The coalescence-based ASTRAL method inferred a species tree that recapitulated the concatenation-based tree topology and indicated discordance for the B. hermsii, B. coriaceae, and B. parkeri branches. ASTRAL is a gene tree summation method that estimates a species tree despite gene tree discordance due to incomplete lineage sorting and the presence of horizontal gene transfer [43, 66]. The quartet data for all branches of the ASTRAL tree had alternative topology quartet frequencies that were approximately equal (q2 = q3) and had a normalized quartet frequency of ~ 89.1%. These data suggested a low-level of incomplete lineage sorting had occurred, which may explain some of the observed gene tree discordance [43, 67]. Additionally, the B. coriaceae Co53 branch of the ASTRAL tree had a statistically significant difference in alternative frequencies indicating that incomplete lineage sorting alone could not explain this branch [67]. Sources of gene tree discordance include biological (e.g. horizontal gene transfer) and technical (gene tree estimation error and hidden paralogs) [68, 69]. Given that previous phylogenomic analyses that used different methodologies were congruent with our analysis, we suspect the gene tree discordance seen in our study was biological. Clearly, more work is needed to generate a complete and confident understanding of the evolutionary history of this WHsTBRF spirochete clade.

A pangenome analysis investigated gene diversity across the WHsTBRF clade and was reflective of the numerous paralogous families in the Borreliaceae. The WHsTBRF spirochete pangenome consisted of a total of 2,576 unique gene clusters. Previous pangenome analysis by Elbir et al. [28] on African RF borreliae (Borrelia duttonii, Borrelia recurrentis, Borrelia crocidurae, and Borrelia hispanica) estimated a pangenome size similar to ours at 2,514 gene clusters. Pangenome analysis by Mongodin et al. [70] estimated pangenome sizes of ~ 1,500 and ~ 1,859 for B. burgdorferi sensu stricto and B. burgdorferi sensu lato, respectively. However, the Borreliaceae contain approximately 175 paralogous gene families with intraspecific nucleotide identities often ≥ 60% [20, 27, 71]. Due to the low similarity of these paralogous multicopy gene families within species and between species, gene clustering algorithms will generate multiple clusters for these families. This phenomenon will inflate the overall number of gene clusters reported by pangenome analysis. Indeed, an investigation into the Panaroo output showed that the variable small protein (vsp) and variable large protein (vlp) alleles contributed 78 and 282 gene clusters, respectively. This accounted for ~ 14% of the entire pangenome. This caveat should be considered when analyzing pangenome data from Borrelia species.

Given that prior work with B. turicatae and B. hermsii indicated that the chromosomes were largely collinear and had similar gene content, a chromosomal analysis was conducted across the WHsTBRF spirochete clade [28]. Mauve alignment analysis indicated that the chromosomes of the WHsTBRF spirochetes were collinear with no large, internal structural changes. Since we produced full-length chromosomes, the Mauve analysis allowed us to detect variable gene content located at the telomeres. Variable gene content in the 3’ end of LD spirochete chromosomes has been previously reported [21, 57]. In contrast, both the 5’ and 3’ chromosome ends in WHsTBRF spirochetes were not syntenic across all species. For most of the isolates we examined, the gene content on the chromosome ends was also shared with plasmid telomeric sequence.

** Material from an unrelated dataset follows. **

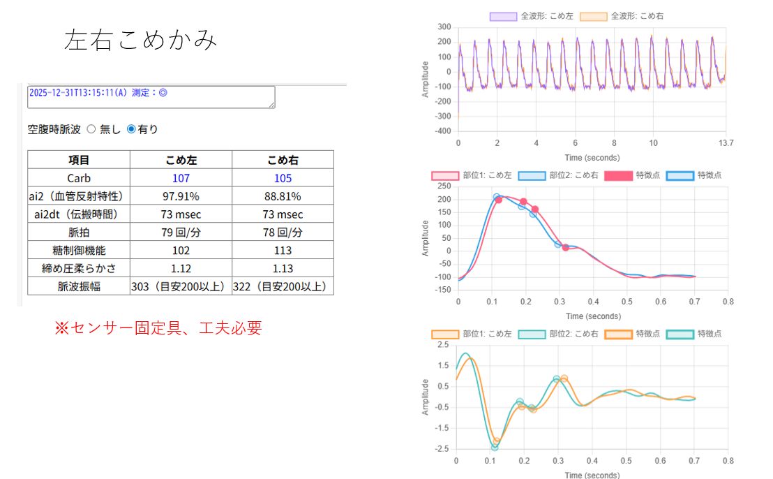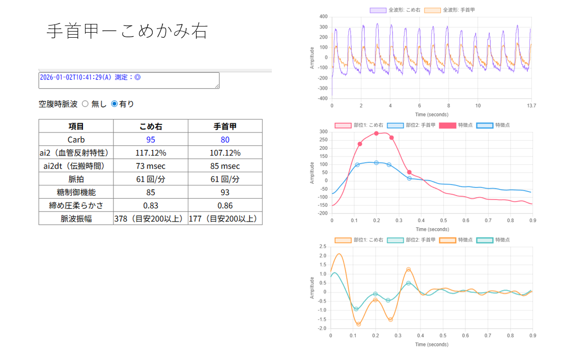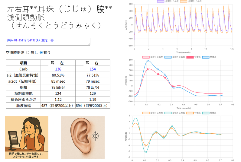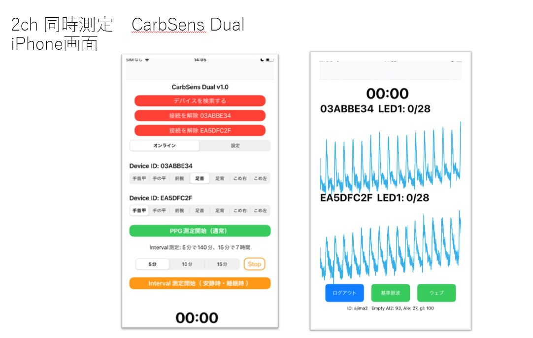 CarbSens Dual は、2点同時の脈波(PPG)計測と差分解析により、

We investigated plasmid diversity to further appreciate the genomic complexity of RF spirochetes compared to the more characterized LD spirochete genomes. The average number of plasmids found in the WHsTBRF clade (13.9) was higher than that reported for B. burgdorferi sensu lato (12.8) but lower than that of B. burgdorferi sensu stricto (16.9) [22, 55]. The ratio of circular to linear plasmids for WHsTBRF spirochetes was 0.35 (range: 0–0.83), which is low compared to the range found in LD spirochetes [22, 55]. On average, the circular to linear plasmid ratio of B. burgdorferi sensu lato was 0.68 and 0.92 for B. burgdorferi sensu stricto [22]. The presence and sizes of circular plasmids were variable between species and even within species.

Our phylogenetic analysis of the 128 plasmids generated in this study identified 30 plasmid families, which are similar in classification to the LD spirochete plasmid-types [22]. Currently there are 30 recognized plasmid types in LD spirochetes based on the PF32 gene [22]. Our analysis found that only 11 RF plasmid families had a related LD spirochete plasmid type. This indicates that there are PF32 types unique to both RF and LD spirochetes based on this classification scheme. We found that, in agreement with previous work done in LD spirochetes and B. miyamotoi [20, 22, 25, 50, 55], no genome (with noted exceptions) contained intact PF32 loci of the same family on different plasmids. We identified 13 plasmids that lacked a PF32 locus and only had the PF57/62 locus. Plasmids lacking the PF32 gene have been observed in LD spirochetes (e.g. lp5 and cp9 plasmid-types) [22]. These LD plasmid-types did not phylogenetically cluster with the RF spirochete PF57/62-only loci. This further suggests unique plasmid types in both the WHsTBRF and LD spirochetes. Based on the gene content of the WHsTBRF PF57/62-only plasmids, we hypothesize that they are either remnants of or intact Borrelia prophages.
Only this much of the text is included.